YOUR INSTRUCTIONS
Read through the listing below and return only the lines containing "then".

ENTRIES SUPPLIED
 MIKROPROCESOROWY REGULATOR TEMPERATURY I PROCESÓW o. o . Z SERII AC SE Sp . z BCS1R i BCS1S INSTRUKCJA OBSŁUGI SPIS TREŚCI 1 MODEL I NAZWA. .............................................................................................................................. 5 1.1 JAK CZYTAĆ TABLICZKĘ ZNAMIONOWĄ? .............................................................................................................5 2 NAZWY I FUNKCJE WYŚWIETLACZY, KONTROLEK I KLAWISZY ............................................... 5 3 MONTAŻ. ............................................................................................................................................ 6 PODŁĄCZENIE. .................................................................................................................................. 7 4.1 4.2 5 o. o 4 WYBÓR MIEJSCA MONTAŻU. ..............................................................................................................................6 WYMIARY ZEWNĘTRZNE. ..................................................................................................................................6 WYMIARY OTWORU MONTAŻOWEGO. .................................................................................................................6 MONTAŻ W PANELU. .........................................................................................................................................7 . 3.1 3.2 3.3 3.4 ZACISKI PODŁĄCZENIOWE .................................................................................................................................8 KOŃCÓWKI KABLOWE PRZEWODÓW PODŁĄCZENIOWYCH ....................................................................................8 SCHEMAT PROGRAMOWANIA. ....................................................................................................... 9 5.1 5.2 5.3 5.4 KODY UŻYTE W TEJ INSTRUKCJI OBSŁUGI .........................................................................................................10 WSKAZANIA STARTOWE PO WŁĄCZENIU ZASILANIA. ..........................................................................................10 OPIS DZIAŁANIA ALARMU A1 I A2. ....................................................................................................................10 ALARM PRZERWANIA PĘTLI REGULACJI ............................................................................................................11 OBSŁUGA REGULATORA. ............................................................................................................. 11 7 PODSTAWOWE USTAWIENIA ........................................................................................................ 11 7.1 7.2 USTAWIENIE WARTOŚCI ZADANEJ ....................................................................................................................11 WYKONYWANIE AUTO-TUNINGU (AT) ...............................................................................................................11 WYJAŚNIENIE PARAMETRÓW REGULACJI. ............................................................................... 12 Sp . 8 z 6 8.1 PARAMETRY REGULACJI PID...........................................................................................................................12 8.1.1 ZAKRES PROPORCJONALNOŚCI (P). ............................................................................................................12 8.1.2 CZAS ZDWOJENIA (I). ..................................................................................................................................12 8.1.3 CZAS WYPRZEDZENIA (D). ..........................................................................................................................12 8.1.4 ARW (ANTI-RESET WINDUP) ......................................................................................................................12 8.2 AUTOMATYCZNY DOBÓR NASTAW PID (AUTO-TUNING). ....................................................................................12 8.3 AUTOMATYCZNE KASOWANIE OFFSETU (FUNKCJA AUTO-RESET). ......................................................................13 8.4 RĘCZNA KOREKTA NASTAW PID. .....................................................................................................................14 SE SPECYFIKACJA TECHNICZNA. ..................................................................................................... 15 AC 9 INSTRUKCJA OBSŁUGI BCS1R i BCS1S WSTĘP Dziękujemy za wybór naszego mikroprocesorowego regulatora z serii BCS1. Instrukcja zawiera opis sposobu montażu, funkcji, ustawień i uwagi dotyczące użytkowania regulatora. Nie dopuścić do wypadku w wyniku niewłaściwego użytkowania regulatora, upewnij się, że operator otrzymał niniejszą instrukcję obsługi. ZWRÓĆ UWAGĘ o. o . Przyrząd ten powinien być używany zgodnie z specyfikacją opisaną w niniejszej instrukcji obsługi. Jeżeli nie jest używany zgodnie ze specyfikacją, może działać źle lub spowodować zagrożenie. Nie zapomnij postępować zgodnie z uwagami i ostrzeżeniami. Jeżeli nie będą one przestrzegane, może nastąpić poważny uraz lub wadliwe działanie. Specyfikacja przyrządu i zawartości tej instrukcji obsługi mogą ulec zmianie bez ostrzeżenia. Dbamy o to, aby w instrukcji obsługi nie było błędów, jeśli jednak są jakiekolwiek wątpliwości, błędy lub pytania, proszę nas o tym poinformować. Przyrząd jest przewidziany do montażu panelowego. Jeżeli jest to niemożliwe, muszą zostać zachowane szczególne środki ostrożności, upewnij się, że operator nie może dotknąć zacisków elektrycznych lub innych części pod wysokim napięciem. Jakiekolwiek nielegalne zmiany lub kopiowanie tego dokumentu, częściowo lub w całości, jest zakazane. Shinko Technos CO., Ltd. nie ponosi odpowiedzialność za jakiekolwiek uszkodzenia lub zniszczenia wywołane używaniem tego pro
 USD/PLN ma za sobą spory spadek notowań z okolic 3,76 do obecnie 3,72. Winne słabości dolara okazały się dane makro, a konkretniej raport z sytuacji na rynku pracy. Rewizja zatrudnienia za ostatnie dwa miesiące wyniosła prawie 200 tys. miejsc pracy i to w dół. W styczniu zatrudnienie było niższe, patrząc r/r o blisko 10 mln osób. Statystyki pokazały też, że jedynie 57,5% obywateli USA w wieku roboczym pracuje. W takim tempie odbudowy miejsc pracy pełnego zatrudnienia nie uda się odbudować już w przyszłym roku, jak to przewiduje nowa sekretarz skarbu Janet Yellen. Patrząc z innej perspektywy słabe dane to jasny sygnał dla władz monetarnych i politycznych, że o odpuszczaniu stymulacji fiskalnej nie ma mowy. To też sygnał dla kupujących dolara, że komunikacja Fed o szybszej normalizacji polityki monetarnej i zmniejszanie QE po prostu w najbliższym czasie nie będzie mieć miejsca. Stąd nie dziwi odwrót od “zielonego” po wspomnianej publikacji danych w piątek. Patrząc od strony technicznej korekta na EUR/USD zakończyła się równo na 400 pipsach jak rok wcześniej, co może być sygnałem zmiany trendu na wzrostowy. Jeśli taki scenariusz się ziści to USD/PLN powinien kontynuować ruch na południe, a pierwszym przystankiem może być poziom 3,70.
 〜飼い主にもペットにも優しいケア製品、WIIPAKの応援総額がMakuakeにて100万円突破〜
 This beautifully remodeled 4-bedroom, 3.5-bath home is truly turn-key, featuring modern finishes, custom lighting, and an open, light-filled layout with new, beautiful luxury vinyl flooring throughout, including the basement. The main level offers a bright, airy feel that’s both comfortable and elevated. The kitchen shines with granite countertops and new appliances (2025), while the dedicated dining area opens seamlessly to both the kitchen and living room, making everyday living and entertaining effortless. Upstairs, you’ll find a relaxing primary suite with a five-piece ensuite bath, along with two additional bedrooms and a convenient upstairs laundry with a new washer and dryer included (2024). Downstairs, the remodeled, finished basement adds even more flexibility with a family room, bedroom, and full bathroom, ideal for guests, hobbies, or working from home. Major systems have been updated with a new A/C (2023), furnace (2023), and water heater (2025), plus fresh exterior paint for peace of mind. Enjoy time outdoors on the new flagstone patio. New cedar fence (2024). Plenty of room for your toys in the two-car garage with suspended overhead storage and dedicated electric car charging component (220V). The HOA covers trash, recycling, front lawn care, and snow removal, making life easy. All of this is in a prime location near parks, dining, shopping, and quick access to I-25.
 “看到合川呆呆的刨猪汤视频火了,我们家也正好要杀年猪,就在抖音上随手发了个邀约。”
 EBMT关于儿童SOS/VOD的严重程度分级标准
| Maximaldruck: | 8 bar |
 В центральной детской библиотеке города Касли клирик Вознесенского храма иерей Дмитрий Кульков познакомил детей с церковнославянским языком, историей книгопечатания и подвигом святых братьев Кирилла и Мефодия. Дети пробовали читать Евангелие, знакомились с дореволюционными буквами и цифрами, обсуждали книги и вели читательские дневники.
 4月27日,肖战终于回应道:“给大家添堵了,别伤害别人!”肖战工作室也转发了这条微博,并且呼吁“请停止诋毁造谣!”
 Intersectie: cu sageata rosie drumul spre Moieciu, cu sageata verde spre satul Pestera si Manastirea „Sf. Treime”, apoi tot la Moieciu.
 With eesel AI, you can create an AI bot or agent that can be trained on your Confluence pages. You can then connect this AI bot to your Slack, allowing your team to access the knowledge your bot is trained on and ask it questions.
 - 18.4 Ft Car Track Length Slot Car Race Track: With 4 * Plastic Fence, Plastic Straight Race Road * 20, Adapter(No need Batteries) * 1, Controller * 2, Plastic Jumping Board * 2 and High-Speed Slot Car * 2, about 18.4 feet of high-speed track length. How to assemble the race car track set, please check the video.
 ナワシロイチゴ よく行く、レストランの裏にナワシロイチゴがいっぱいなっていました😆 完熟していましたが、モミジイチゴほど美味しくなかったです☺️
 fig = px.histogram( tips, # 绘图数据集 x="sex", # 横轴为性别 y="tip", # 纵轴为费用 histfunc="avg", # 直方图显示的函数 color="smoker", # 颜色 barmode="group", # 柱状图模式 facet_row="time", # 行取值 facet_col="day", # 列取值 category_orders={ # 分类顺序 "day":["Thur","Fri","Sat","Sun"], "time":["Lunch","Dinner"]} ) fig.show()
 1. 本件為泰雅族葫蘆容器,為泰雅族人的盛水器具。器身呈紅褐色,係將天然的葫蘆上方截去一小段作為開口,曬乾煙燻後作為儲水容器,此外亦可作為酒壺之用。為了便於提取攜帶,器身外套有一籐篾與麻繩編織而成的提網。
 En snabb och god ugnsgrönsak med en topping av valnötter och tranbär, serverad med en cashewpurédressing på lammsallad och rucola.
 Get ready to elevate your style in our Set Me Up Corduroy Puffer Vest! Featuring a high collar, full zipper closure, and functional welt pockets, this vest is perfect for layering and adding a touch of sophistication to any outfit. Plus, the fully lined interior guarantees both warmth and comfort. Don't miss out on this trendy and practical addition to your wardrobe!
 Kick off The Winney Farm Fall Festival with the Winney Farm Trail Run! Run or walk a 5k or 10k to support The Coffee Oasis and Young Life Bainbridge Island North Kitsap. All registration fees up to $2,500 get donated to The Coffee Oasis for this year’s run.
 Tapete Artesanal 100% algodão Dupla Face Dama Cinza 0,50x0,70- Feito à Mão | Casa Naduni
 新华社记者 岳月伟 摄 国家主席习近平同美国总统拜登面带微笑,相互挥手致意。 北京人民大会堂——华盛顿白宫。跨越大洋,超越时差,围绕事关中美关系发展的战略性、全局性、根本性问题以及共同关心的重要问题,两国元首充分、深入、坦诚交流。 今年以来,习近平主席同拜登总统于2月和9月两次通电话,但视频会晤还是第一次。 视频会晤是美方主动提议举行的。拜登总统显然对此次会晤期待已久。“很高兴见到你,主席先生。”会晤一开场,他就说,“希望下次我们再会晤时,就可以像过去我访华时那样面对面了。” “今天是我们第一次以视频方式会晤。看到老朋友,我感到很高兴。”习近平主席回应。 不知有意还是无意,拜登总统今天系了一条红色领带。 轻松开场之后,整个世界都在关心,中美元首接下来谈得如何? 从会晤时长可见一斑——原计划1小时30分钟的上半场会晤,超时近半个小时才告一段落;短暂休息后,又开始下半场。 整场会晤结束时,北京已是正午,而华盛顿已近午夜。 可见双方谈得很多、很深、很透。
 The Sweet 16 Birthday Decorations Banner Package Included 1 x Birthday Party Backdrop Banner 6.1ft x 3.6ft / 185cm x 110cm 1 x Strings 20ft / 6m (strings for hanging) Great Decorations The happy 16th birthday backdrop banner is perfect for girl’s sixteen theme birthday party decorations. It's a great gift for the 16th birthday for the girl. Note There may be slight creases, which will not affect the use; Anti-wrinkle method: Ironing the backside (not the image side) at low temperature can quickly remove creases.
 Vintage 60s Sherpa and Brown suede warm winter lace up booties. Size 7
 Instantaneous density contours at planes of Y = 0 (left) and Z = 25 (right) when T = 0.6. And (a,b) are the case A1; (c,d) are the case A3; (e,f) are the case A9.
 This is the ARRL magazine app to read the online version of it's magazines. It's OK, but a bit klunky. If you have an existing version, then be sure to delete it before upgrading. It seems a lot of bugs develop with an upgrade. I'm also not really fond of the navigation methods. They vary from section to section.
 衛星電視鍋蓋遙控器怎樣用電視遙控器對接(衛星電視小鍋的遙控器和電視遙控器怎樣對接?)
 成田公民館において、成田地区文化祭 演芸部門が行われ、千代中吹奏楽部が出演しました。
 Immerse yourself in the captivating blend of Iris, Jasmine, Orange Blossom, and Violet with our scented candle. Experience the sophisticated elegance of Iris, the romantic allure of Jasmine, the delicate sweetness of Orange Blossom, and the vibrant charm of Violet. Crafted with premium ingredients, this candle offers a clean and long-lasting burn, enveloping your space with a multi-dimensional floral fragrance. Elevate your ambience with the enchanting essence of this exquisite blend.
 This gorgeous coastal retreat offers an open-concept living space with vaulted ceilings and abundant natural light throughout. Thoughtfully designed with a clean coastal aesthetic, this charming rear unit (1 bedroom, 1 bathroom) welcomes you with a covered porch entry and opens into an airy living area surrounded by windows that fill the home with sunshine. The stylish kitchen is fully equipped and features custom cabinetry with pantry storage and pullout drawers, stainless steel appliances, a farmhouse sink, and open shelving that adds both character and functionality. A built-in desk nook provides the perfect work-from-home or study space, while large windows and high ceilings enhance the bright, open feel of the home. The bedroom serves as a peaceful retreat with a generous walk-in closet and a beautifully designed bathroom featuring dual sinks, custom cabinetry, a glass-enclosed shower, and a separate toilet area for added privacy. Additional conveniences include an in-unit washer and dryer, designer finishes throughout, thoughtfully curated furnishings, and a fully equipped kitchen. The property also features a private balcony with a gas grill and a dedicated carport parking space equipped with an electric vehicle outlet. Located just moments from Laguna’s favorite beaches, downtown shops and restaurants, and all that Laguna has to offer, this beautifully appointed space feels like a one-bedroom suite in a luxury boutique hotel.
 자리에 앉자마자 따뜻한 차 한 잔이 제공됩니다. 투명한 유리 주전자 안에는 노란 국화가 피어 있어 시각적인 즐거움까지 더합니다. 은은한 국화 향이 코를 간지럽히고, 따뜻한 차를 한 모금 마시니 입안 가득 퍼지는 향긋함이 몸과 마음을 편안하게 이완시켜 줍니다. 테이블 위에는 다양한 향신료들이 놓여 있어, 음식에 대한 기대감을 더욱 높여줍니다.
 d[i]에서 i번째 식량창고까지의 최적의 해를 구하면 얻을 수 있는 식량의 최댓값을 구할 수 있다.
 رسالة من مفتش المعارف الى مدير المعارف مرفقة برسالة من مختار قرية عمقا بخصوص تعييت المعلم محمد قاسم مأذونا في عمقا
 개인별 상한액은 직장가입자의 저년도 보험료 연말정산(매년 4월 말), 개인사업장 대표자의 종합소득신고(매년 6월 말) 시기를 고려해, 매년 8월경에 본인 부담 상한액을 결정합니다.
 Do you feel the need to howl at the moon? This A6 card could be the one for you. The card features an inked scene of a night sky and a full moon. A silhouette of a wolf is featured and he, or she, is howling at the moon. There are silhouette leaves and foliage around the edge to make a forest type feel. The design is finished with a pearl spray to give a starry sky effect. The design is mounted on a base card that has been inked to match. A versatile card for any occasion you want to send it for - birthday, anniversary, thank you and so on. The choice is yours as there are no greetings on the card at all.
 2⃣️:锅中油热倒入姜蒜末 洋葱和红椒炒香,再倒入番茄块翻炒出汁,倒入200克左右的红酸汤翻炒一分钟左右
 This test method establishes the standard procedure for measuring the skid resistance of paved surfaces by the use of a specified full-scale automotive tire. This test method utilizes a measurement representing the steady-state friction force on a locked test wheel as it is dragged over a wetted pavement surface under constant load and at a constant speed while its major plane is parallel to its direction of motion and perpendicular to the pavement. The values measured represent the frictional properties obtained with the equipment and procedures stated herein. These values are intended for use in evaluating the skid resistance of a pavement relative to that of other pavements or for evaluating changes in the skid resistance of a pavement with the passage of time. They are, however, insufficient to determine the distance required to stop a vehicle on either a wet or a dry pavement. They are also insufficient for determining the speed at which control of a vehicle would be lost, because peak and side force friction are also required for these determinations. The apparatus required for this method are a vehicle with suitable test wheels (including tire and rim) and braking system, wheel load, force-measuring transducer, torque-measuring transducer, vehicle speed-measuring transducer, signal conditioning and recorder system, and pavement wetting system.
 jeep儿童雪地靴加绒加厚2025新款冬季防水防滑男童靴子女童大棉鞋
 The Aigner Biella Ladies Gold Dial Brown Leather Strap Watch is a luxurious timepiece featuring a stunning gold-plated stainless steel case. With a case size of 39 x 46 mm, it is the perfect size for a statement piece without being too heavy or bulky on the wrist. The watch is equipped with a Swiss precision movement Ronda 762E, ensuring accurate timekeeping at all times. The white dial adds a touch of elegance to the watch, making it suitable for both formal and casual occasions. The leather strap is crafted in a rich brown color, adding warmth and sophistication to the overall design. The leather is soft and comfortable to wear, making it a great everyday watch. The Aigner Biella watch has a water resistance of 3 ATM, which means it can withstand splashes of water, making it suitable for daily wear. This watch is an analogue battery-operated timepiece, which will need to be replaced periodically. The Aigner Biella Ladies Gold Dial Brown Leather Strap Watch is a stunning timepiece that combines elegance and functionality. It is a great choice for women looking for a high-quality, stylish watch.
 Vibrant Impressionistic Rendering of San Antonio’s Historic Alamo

RESPONSE TO THE EXERCISE
 With eesel AI, you can create an AI bot or agent that can be trained on your Confluence pages. You can then connect this AI bot to your Slack, allowing your team to access the knowledge your bot is trained on and ask it questions.
 This is the ARRL magazine app to read the online version of it's magazines. It's OK, but a bit klunky. If you have an existing version, then be sure to delete it before upgrading. It seems a lot of bugs develop with an upgrade. I'm also not really fond of the navigation methods. They vary from section to section.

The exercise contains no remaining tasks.